Improving News, But Economy Still Sucks

What’s
Wrong Today
:


Here are two charts that describe the current state of consumer credit in the US.
Both come from Marketwatch.
The first chart shows the change quarter-to-quarter in loan delinquencies by type of loan. The left axis is $Billions. CC means credit card debt, HELOC means home equity lines of credit.


Wow and wow again. This one chart illustrates the magnitude of the Debt Crisis and
the Great Recession. Clearly, delinquencies were driven by the mortgage market.
To a great degree, this demonstrates the origins, and the culprits of the crisis. It was not profligate consumers, it is not feckless students; the students are pikers compared to the bankers. And it is not over.


Almost an entire generation’s worth of debt! By the time this graph reaches the
pre-crisis baseline, it looks like about 15-20 years of excess defaulted debt will have occurred! It is no surprise that many people are having to use CreditAssociates and similar companies to help them deal with their debt when you look at this. It is a frightening reality.



The chart below shows the % of loans that have entered delinquency. Most financial institutions declare loans that are past due by 90 days “delinquent”. The chart indicates that fewer Americans are getting into trouble with their debt, though the percentage of late loans is still higher than pre-recession levels. During the second quarter, every category of loan showed declining percentages of debt, although student loan delinquencies spiked much later than the other categories, and may decline more slowly.


So,
some parts of the economy suck less than they did last year.

This is what is
meant by the Soft Bigotry of Low Expectations.
This term was first used by George W. Bush in a speech to the NAACP in July, 2000.
He meant that we give extra consideration to individuals or groups that are considered lacking in some way. It was a bad idea then and it remains a bad idea today.


Bush was talking about educational standards, but the term as used here means that we have come to expect less from the economy than we have in the past, and that we now celebrate small
gains, like those shown in the charts above.

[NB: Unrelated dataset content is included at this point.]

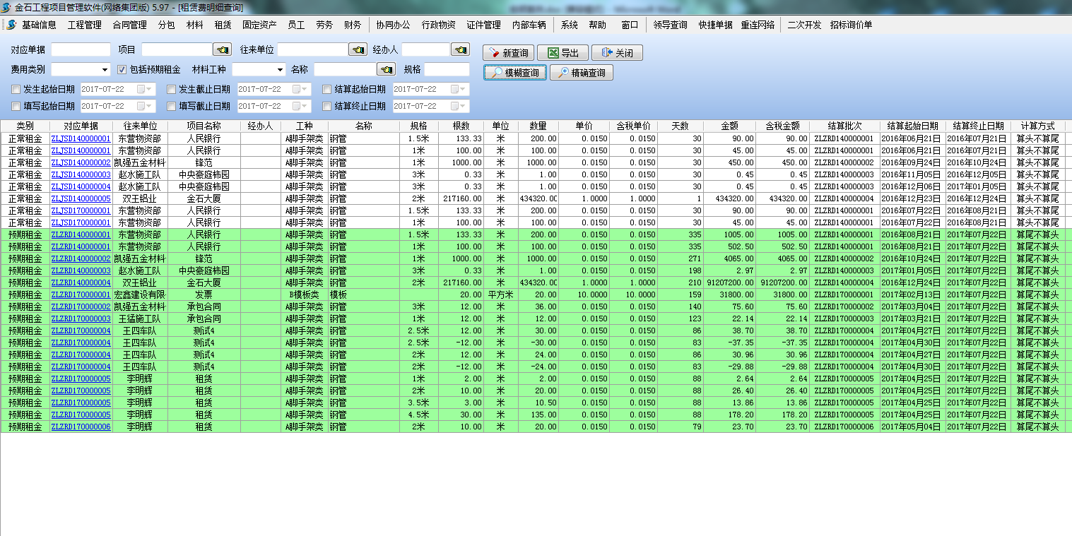 在租賃管理方便,經(jīng)常租一些周轉(zhuǎn)材料,跟租賃公司都是長期合作,結(jié)算方式都是采用季度結(jié)算或者年度結(jié)算,之前采用紙質(zhì)或者excel統(tǒng)計(jì),統(tǒng)計(jì)并不準(zhǔn)確,到季度或者年度結(jié)算時往往統(tǒng)計(jì)不準(zhǔn)確,都是按照供應(yīng)商提供數(shù)據(jù)進(jìn)行結(jié)算,具體租賃費(fèi)并沒有參考依據(jù)。采用金石項(xiàng)目管理軟件后,可以實(shí)時查看租賃情況,統(tǒng)計(jì)租賃庫存,并且最后結(jié)算時選好結(jié)算批次可以自動計(jì)算結(jié)算租金。在租賃過程中并可以實(shí)時查看預(yù)期租金,評估預(yù)期成本。采用采用金石項(xiàng)目管理軟件后租金統(tǒng)計(jì)準(zhǔn)確,對后期結(jié)算產(chǎn)生了很大的幫助。

Think about jobs: Of the 161,000 reported private sector jobs gained in July, 157,000 or 97.5%, are in non-tradable domestic services. A non-tradable service is a job that produces services that cannot be offshored, such as waitresses, bartenders, hospital orderlies, retail clerks, warehousemen. Thus, no matter how large the new jobs number might be, it will not help reduce the US trade deficit.


Many of these jobs are part-time jobs without health or pension benefits. Many of these jobs do not produce sufficient income to drive a consumer economy.


Manufacturing
and tradable professional service jobs such as software engineering have been moved offshore to lower wage, lower-salary locations.Ā  The savings in labor costs have enriched corporate executives, Wall Street, and shareholders.


Erica Groshen
is the Commissioner of Labor Statistics and head of the U.S. Bureau of Labor
Statistics (BLS), the department that produces the jobs report. The
commissioner’s statement
accompanying the jobs report, acknowledges that 8,200,000 or 6% of the currently employed are “involuntary part-time
workers” who cannot find full-time employment
.


The July
2013 payroll employment level of 136,038,000 is 2,018,000 below the employment level in January 2008, which
was 5 years and 7 months ago.


If it
requires 130,000 new jobs each month to keep employment equal with population
growth, the US economy is behind by 10,728,000 jobs. These missing jobs show up
in the declining labor force participation rate, the part-time workers who can’t find full-time work, and the large number of
discouraged workers who are no longer counted as unemployed.


Obviously,
for job-seekers, there has been no economic recovery.


Soft Bigotry of Low Expectations indeed!!